That seems fair. It's possible to come up with an answer only given certain assumptions and conditions. This being the Polywell wiki, you'd probably want to use such assumptions as can be gleaned from Bussard and Nebel, and perhaps mention the more plausible skepticisms. I don't know if I would call anyone an expert; I think it's enough to say there are competing claims.
Confinement for ions or electrons or overall? Those are very different questions.I had not emphasized losses. Chrismb's point that a Tokamac needs to contain ions for hundreds of seconds (with distance traveled to fusion being many thousands of kilometers) to produce useful fusion is pertinate. To do this they have to have relatively excellent confinement. My impression is that the Polywell does not even come close to this.

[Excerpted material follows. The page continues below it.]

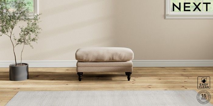 6.12.1 Buy Hutton Deep Relaxed Sit Footstool Tweedy Blend Easy Clean Light Dove Natural High Turned - Dark from the Next UK online shop Click here to use our accessible website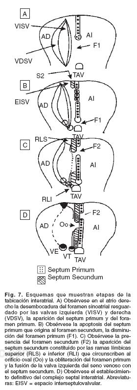 En el embrión del horizonte XII de Streeter16 el SP aparece en la región media del techo del atrio común en forma de un pliegue sagital semilunar que crece en dirección de las almohadillas endocárdicas del canal atrioventricular, entre ambas estructuras se localiza el FP a través del cual pasa sangre de derecha a izquierda (Fig. 7A). Este foramen se hace cada vez más pequeño a medida que desciende el SP hacia las almohadillas atrioventriculares; en la parte cefálica del SP aparecen múltiples zonas de apoptosis que al confluir forman el FS (Fig. 7B). En este horizonte se oblitera el FP al unirse el borde inferior del SP con esas almohadillas que se han fusionado entre sí para formar el tabique atrioventricular; el establecimiento del FS asegura el paso de sangre de derecha a izquierda. Al mismo tiempo aparece un segundo tabique en el espacio interseptulovalvular denominado SS; tiene forma semilunar con dos ramas límbicas superior e inferior, esta última se fusiona con las alhomadillas endocárdicas atrioventriculares (Fig. 7C). Este tabique es incompleto ya que presenta un orificio de forma oval circunscrito por las ramas límbicas, el cual ocupa un nivel inferior con respecto al FS (Fig. 7D). En la mayoría de los casos las ramas límbicas se doblan y se unen frente a la desembocadura de la vena cava inferior, lo que forma el anillo completo del orificio oval. En algunos corazones las dos ramas límbicas permanecen sin unirse entre sí lo que originan el anillo incompleto del orificio oval. La valva izquierda del seno venoso se fusiona con la cara derecha del SS. El SP y el SS se fusionan en la parte superior mientras que en la parte inferior quedan separados y el SP constituye la válvula del orificio oval, que se proyecta hacia el atrio izquierdo.17 El complejo septal interatrial funciona como un mecanismo valvular que permite el paso de sangre de derecha a izquierda, primero a través del orificio oval, luego por el espacio comprendido entre ambos tabiques y finalmente por el FS. El borde de la rama límbica superior se denomina crista dividens ya que separa la corriente sanguínea de la vena cava inferior en dos, una altamente oxigenada proveniente de la placenta que pasa hacia el atrio izquierdo a través del orificio oval y del FS y la otra predominantemente venosa que pasa del atrio derecho al ventrículo derecho. En el nacimiento disminuye la presión en el atrio derecho y aumenta en el atrio izquierdo, por lo que la parte cefálica de la válvula del orificio oval (SP) es presionada contra el SS, y posteriormente en un alto porcentaje de casos ambos tabiques se fusionan y los atrios quedan completamente separados; este proceso ocurre en etapas variables de la vida postnatal. Los bordes gruesos de las ramas límbicas del SS circunscriben la depresión denominada orificio o fosa oval cuyo piso está constituido por el SP (Fig. 6). Cuando la fusión de ambos tabiques interatriales no ocurre persiste la condición fetal denominada orificio oval permeable.

Polywell orthodoxy is that ion losses are kept very small because we're keeping the mix electron-rich to confine them. IIRC Bussard pretty much ignores them completely and states there are essentially no ion losses, Rick's ITER comparison equation neglected to even include ion pressure (and he found no hotspots on the wall), and Joel's simulation had no ion current. Electrons are a different story.
I haven't seen any support for the idea background neutrals will carry off significant energy; Bussard seems confident ionization times are much too short for this to be possible (it seems intuitively obvious a neutral whose ionization energy is measured in eV won't carry off KeV energy, but maybe I'm missing something). Chacon's paper says ion thermalization can be acceptable.